INFORMATION:
=== Section Start ===

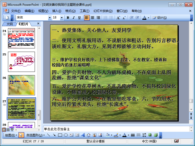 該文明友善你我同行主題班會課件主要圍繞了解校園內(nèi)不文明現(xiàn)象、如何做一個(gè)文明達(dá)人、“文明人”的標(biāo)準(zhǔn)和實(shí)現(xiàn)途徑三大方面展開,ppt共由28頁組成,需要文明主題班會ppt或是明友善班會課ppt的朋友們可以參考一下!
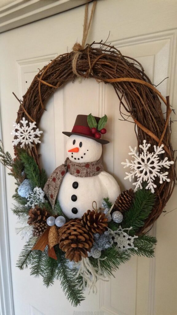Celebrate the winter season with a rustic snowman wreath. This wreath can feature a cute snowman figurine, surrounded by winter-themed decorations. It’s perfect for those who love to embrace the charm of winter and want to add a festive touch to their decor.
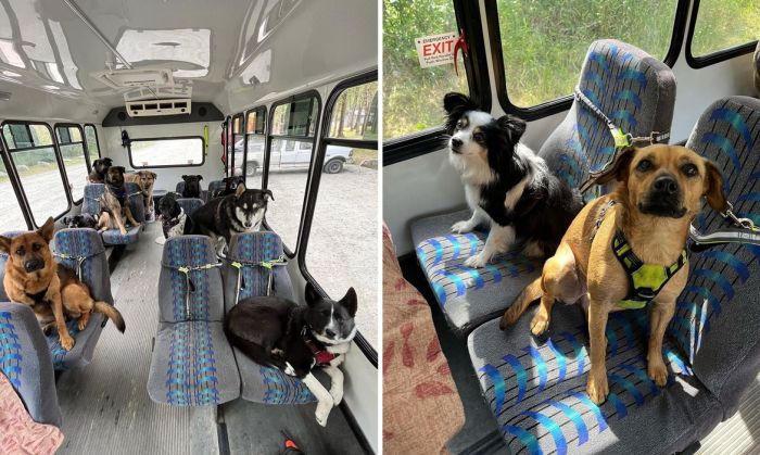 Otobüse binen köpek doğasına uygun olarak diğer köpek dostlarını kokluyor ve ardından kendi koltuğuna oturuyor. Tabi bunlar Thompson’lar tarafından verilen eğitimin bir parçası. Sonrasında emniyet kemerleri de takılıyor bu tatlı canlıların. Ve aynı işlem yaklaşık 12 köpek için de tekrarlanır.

=== Section End ===
=== Section Start ===

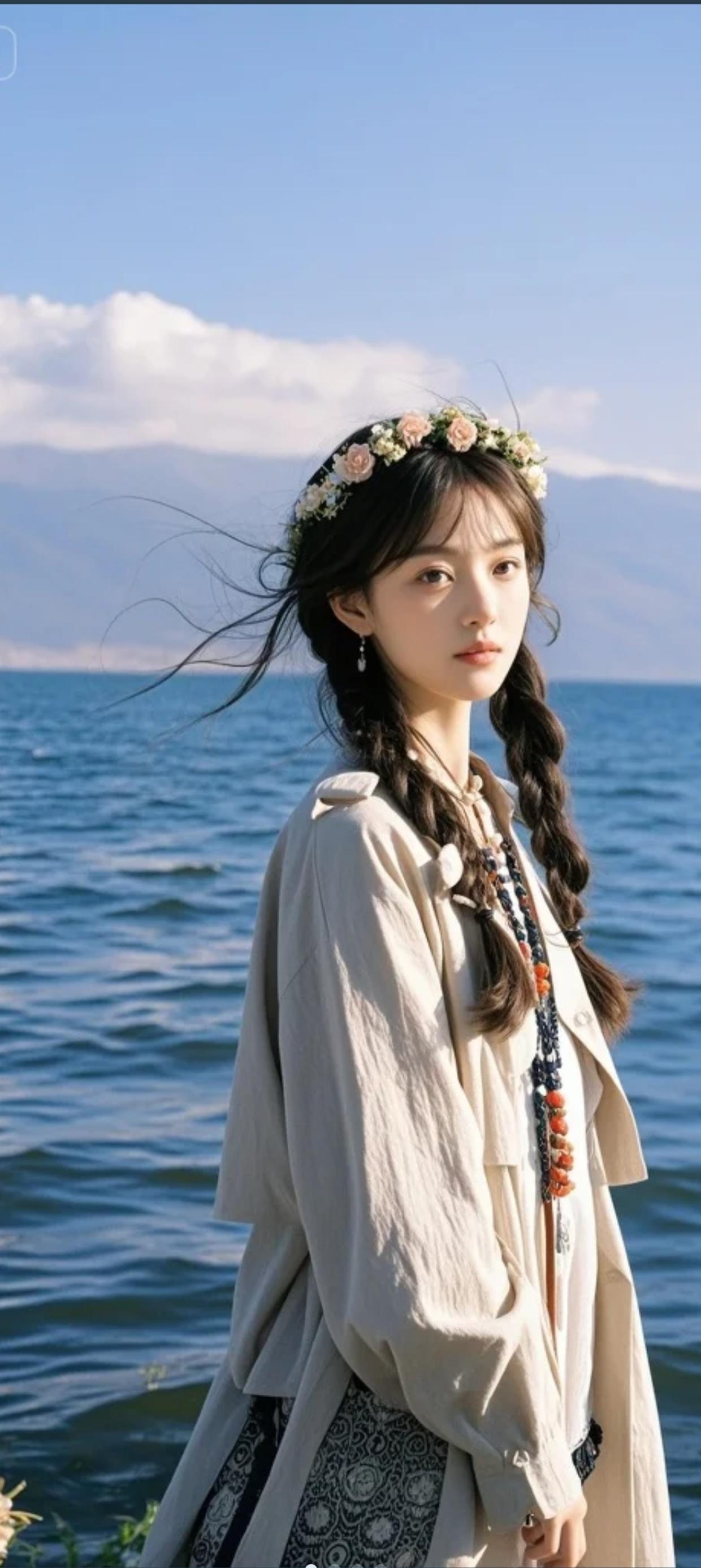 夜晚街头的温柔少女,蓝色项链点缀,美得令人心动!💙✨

=== Section End ===

PROBLEM REQUIREMENTS: Give back exactly the lines above from the one with "該文明友善你我同行主題班會課" through the one with "Celebrate the winter", both included. Pictures don't belong in the copy.

ANSWER SPACE:
 該文明友善你我同行主題班會課件主要圍繞了解校園內(nèi)不文明現(xiàn)象、如何做一個(gè)文明達(dá)人、“文明人”的標(biāo)準(zhǔn)和實(shí)現(xiàn)途徑三大方面展開,ppt共由28頁組成,需要文明主題班會ppt或是明友善班會課ppt的朋友們可以參考一下!
Celebrate the winter season with a rustic snowman wreath. This wreath can feature a cute snowman figurine, surrounded by winter-themed decorations. It’s perfect for those who love to embrace the charm of winter and want to add a festive touch to their decor.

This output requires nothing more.